Task material below:

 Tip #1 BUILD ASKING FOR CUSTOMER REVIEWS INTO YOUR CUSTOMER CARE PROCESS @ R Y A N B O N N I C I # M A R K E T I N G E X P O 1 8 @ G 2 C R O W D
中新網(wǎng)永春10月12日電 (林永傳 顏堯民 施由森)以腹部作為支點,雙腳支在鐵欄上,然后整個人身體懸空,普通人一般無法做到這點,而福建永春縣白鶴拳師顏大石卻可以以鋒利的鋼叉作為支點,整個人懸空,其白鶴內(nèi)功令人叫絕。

End of Task material.
Task material below:

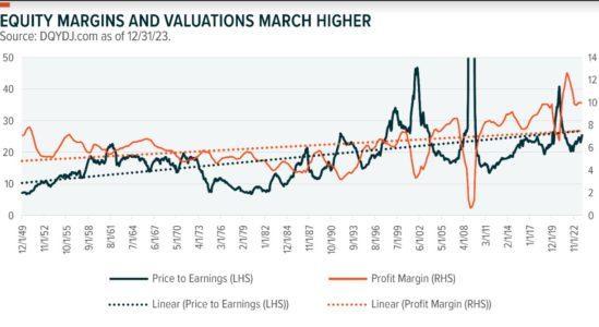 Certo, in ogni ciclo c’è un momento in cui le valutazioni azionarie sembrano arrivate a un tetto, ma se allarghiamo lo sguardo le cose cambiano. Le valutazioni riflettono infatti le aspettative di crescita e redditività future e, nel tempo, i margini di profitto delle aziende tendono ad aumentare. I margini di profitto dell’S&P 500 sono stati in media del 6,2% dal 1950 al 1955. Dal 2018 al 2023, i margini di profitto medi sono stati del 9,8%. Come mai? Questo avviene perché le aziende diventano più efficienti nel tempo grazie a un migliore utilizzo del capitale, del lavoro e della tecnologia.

End of Task material.
Task material below:

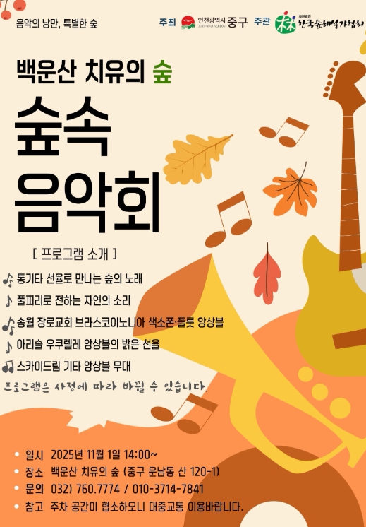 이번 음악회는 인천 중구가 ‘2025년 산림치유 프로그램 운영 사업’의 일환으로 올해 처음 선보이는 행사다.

End of Task material.

Brief:
Find the line with "Tip #1 BUILD" in the entries above. Retype it and each line after it, exactly, through the line with "中新網(wǎng)永春10月12日電 (林永傳 顏堯民", and stop there.

Result:
 Tip #1 BUILD ASKING FOR CUSTOMER REVIEWS INTO YOUR CUSTOMER CARE PROCESS @ R Y A N B O N N I C I # M A R K E T I N G E X P O 1 8 @ G 2 C R O W D
中新網(wǎng)永春10月12日電 (林永傳 顏堯民 施由森)以腹部作為支點,雙腳支在鐵欄上,然后整個人身體懸空,普通人一般無法做到這點,而福建永春縣白鶴拳師顏大石卻可以以鋒利的鋼叉作為支點,整個人懸空,其白鶴內(nèi)功令人叫絕。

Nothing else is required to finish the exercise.